Vote early and vote often!!


----------



## marty21 (Sep 19, 2012)

Kid_Eternity said:


> Why not? If it was secure what would be wrong with voting via an app?


I prefer going to a Polling Station, voting via an app would feel like I'm voting on xfactor or Big Brother -


----------



## Bungle73 (Sep 19, 2012)

marty21 said:


> I prefer going to a Polling Station


What for? This is the 21st century.


----------



## marty21 (Sep 19, 2012)

Bungle73 said:


> What for? This is the 21st century.


I get buses to work, invented in the 19th Century - should I stop using them?
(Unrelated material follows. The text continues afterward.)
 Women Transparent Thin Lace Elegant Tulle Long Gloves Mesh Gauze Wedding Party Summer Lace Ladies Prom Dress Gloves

I use the tube (19th Century) trains (19th Century), I read books (printed first maybe 500 years ago) Iisten to music (thousands of years old)

I also use telephone, computers, smart phones and kindles

not sure of your point


----------



## Kid_Eternity (Sep 19, 2012)

Bungle73 said:


> What for? This is the 21st century.


 
Innit. Why the idea of just tapping to select who you're voting for and hitting submit in under a 15 seconds then getting on with your day isn't appealing I don't know...


----------



## Kid_Eternity (Sep 19, 2012)

marty21 said:


> I get buses to work, invented in the 19th Century - should I stop using them? I use the tube (19th Century) trains (19th Century), I read books (printed first maybe 500 years ago) Iisten to music (thousands of years old)
> 
> I also use telephone, computers, smart phones and kindles
> 
> not sure of your point


 
Some of that doesn't make sense. You can read digital books, listen to music on devices that didn't exist 15 years ago. Like voting, you're still voting you'd just be doing it in an incredibly time efficient manner.


----------



## marty21 (Sep 19, 2012)

Kid_Eternity said:


> Some of that doesn't make sense. You can read digital books, listen to music on devices that didn't exist 15 years ago. Like voting, you're still voting you'd just be doing it in an incredibly time efficient manner.
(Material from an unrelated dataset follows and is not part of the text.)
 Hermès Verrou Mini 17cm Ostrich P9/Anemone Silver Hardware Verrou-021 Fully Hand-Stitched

I don't mind walking 10 minutes to the polling station and voting.


----------



## Bungle73 (Sep 19, 2012)

marty21 said:


> I get buses to work, invented in the 19th Century - should I stop using them? I use the tube (19th Century) trains (19th Century), I read books (printed first maybe 500 years ago) Iisten to music (thousands of years old)
> 
> I also use telephone, computers, smart phones and kindles
> 
> not sure of your point


Are you getting horse drawn buses to work, or using steam engine drawn Tubes?


----------



## marty21 (Sep 19, 2012)

Bungle73 said:


> Are you getting horse drawn buses to work, or using steam engine drawn Tubes?


I would if I could


----------



## quimcunx (Sep 20, 2012)

No.  Judging by how often I click the wrong thing when browsing here on the phone I would be terrified of voting Tory.


----------



## corieltauvi (Sep 20, 2012)

I always enjoy the walk to the Polling Station. And the well earned democratic pint afterwards.


----------



## editor (Sep 20, 2012)

Kid_Eternity said:


> Would you vote in an election via your iPhone or iPad?
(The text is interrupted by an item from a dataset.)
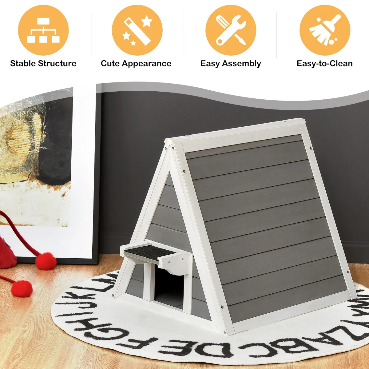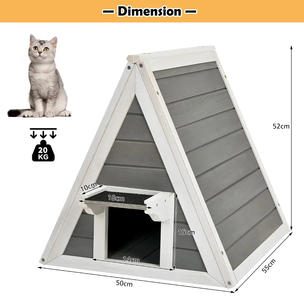 Ons driehoekig houten kattenhuis met een weerbestendig schuin asfaltdak is geschikt voor kittens, konijnen, honden, kippen en andere kleine dieren, die zich kunnen aanpassen aan verschillende weersomstandigheden en een langdurige duurzaamheid bieden. Gemaakt van 100% hoogwaardig dennenhout met een coating op waterbasis om een stevige en verdikte A-vormige structuur te vormen, garandeert het kattenhok een grote stevigheid en langdurig gebruik. Het driehoekige houten huisje is licht van gewicht, draagbaar en gemakkelijk op te zetten, wat moeite en tijd bespaart bij het dagelijkse onderhoud. Ontworpen met een schattige vorm en elegante grijze kleur, zal dit klassieke kattenkasteel een opvallende aanvulling zijn op uw tuin, achtertuin, veranda, of elk ander binnen interieur.
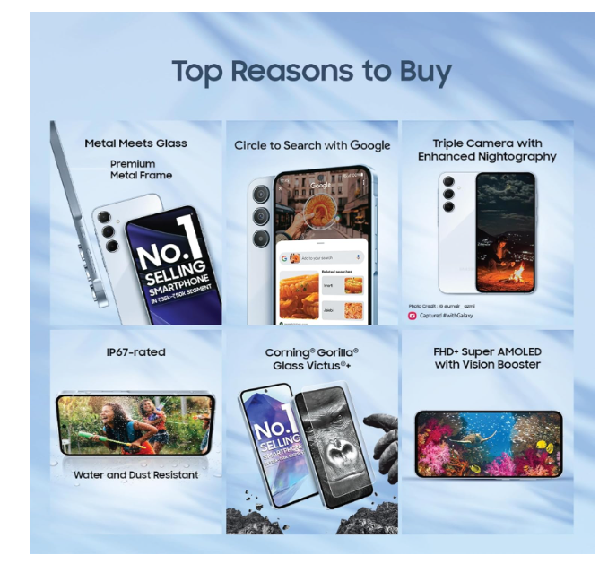 - Built to last – Corning Gorilla Glass Victus+ on both front and back. IP67 rated water and dust resistance. Powerful Exynos 1480 processor for fast, flawless mobile experiences. Larger Vapor Chamber for heat control.

I don't own either, so clearly can't.


----------



## JimW (Sep 20, 2012)

Bring back the mass meeting and a show of hands.


----------



## Hocus Eye. (Sep 20, 2012)

This sounds like a gimmick to get people who would not otherwise vote, to so so. Good luck with that.


----------



## Kid_Eternity (Sep 20, 2012)

quimcunx said:


> No.  Judging by how often I click the wrong thing when browsing here on the phone I would be terrified of voting Tory.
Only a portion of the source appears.